This is my workflow:
My input tool at the top: 2.4 GB
My input tool at the bottom: 90kb
In the first Join tool: 4.5 GB
in the second Join tool: 350 GB >> alteryx crashed due to lack of temp drive space.
Why does this happen? How does the data become so big in the middle like that? How do I fix this? I can't upgrade my RAM and stuff because this is on a work laptop.
Hi @novalcia
Things to look for
Dan
@novalcia Please check the data Quality as rightly said by @danilang null or empty values unwantedly increase the size of data to huge no suppose you have 100 null in 1st input and 100 null in 2nd input this will generate 10000 records which will definitely be a issue.
also i suggest to add block until done after first join tool and try running it.
drop un-needed extra fields. when joining on large files use autofields to lower string sizes. drop duplicate fields.
short is - we can't 100% tell you - for all we know one of these tools has a blob field which is huge - but those are the standard places I'd look.... also - don't be afraid of using In-DB tools if this data/some of this data is in a Database.
This is my Join tools configuration:
This is my first Join tool, and I deselected the only right input.

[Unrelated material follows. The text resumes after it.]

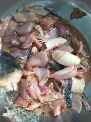骨肉分离后,鱼肉拿酱油,盐巴,花椒粉淀粉腌制二十分钟。

This is the second join tool, and I deselected all right inputs, because they're duplicates and I only need the left ones.
I just learned that my data may be ballooning because of Cartesian Join? But how is that possible? I only joined the Acc Num (in join 1) and Identifier (in join 2), I didn't join multiple columns.Shouldn't it output only those that have the same identifier (for join 2)? And I know there are no nulls in my identifier column.Even if there are nulls in other columns, it shouldn't matter because I'm deselecting one side of the Join and I'm only Joining the identifier column anyway, right?